詳細を聞くと聖王教会のセキュリティシステムは、時空管理局とロストロギア管理と同レベルの最新鋭であるらしい。世界に公開されていない新システムで、外部からの操作は不可能という折り紙付き。

尋常ではない分析力、高度という言葉すら生温い情報能力。それほどの能力を持っているのは、ガジャットドローン最新作のローゼくらいしか思いつかない。


もしくは――


「時空管理局員となったオルティアさんは、先に現場の捜査を行っていたそうですね。彼女の見解は、もしかして」

「イーグレットさんは徹底管理している教会協力者、ジェイル・スカリエッティの関与を疑っております。
積極的に教会側へ働きかけて、査問官見習いであるロッサ立ち会いによる条件による事情聴取を行っている最中です」

「なるほど、それほど手際よくセキュリティを突破されたら、あいつを怪しむのは自然だろうな。自首したとはいえ、制限付きで行動は許されているから」


 セッテがあれほど怒っている原因の一つでもあるかもしれない。親子の情はともかくとして、自分を作り出した博士に対して一定の理解と信頼は持っている。

博士が重要参考人として捕まってしまい、事件を防げなかった自分に責任を感じているのだろう。ゆえに、怒りを原動力として動いている。
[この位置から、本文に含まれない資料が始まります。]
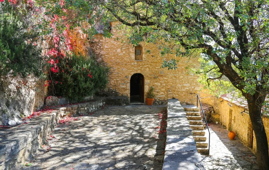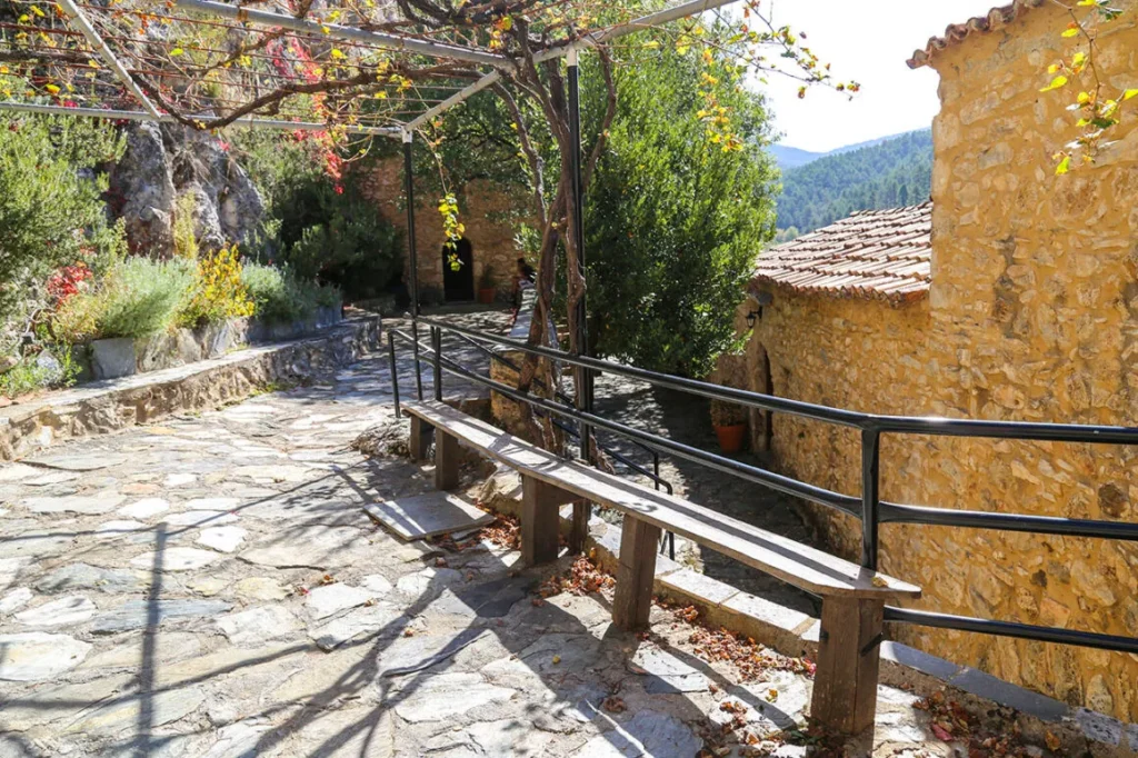 Στο πλακόστρωτο καλντερίμι, 150 μέτρα πριν το μοναστήρι θα συναντήσεις ξύλινα τραπέζια και παγκάκια, που μπορείς να καθίσεις. Ιδίως μετά την άνοιξη, εδώ μοιάζει με όαση δροσιάς.

シスターシャッハは、その理性的な瞳をこちらに向けてくる。


「まだ説明中の段階で恐縮ですが、陛下はジェイル・スカリエッティの関与についてはいかがお考えでしょうか」

「ありえないな」

「根拠をお聞かせくださってもかまいませんか」

「蒼天の書の分析まであいつに任せていたんだ、いくらでもやりようがあるのにわざわざ奪う理由がない。
オルティアさんのように事情を知らなければあいつを疑って当然だが、逆に言うと事情を知っていればあいつが犯人ではないことはすぐに分かる」

「なるほど、お話はわかります。ただ他ならぬ陛下の言であろうと、その根拠では事情聴取を止めるのは難しいでしょう」

「名推理でも何でも無いからな、この話……頭脳の冴えを見せられなくて、申し訳ない」

「謝られる必要はございません。ロッサや私をカリムの元へ再び戻してくださった貴方のお話を、私も信じるまでです」


 慈悲深く微笑んでくれたシスターの言葉が照れくさくて、俺は自分の頬をかいた。真顔でこんな事が言える人間だからこそ、シスターとして人々に敬われるのだろうな。

ちなみに聖女様は俺の隣で、感激したかのように何度も頷いている。俺の話のどこに感激する要素があったのか全く分からないが、随分と聞き入っている。


それにしてもやっぱり、オルティアには先手を打たれたか……あの女、本当に手強い。


「教会が徹底的にマークしているんだ、あいつ本人を主犯に仕立て上げるのは難しいんじゃないか」

「システム犯罪というものは目に見える事象のみならず、データによる記号の世界でもあります。システムに触れる瞬間があれば、関与は疑えます。
加えて、ジェイル・スカリエッティは戦闘機人の製作者。共犯者を作り出すのは容易いという見方もあります」

「格好のスケープゴートだな――あっ」

「お気付きになられましたか。今陛下が察せられた可能性を私だけではなく、カリムや他の関係者も苦慮しています。
現時点では捜査の段階ですが、今後イーグレットさんの手引きによって地上本部が動く可能性があります」


「教会側が管理しているジェイル・スカリエッティ並びに戦闘機人を、事件の重要参考人として引っ立てるつもりなのか」


「真犯人ではなくても、スカリエッティには余罪を追求する余地は十分あります。そして教会側のこの失態――政治的干渉を招く隙が、出てしまったのです。
時空管理局は、この隙を絶対に逃さないでしょう。必ず追求――いえ、要求してくるでしょう」


 そう、厄介なのはジェイル・スカリエッティが真犯人でなくてもよいという点である。戦闘機人という存在がグレーである限り、あいつは常に犯罪者へ仕立てられるのだ。

今までは聖王教会が全盛を誇っていたので、いくらでも跳ね除けられた。自治権を最大限に過大解釈して、影響力と発言力を拡大させてきたのだ。

煮え湯を飲まされ続けた時空管理局、そして他でもない最高評議会がこの隙を逃すはずがない。徹底的に追求して、何が何でも奪い返そうとするだろう。


この事件は、それほどまでに大事なのである。


「このような事をいうのは大変恐縮でございますが――"聖王"陛下。

貴方のお帰りを、我々は心待ちにしておりました」


 ――まだ、危機的状況とは言い難い。されど脅威である犯人はどこかに居て、本来味方であるはずの強大な組織まで対立する構造になってしまっている。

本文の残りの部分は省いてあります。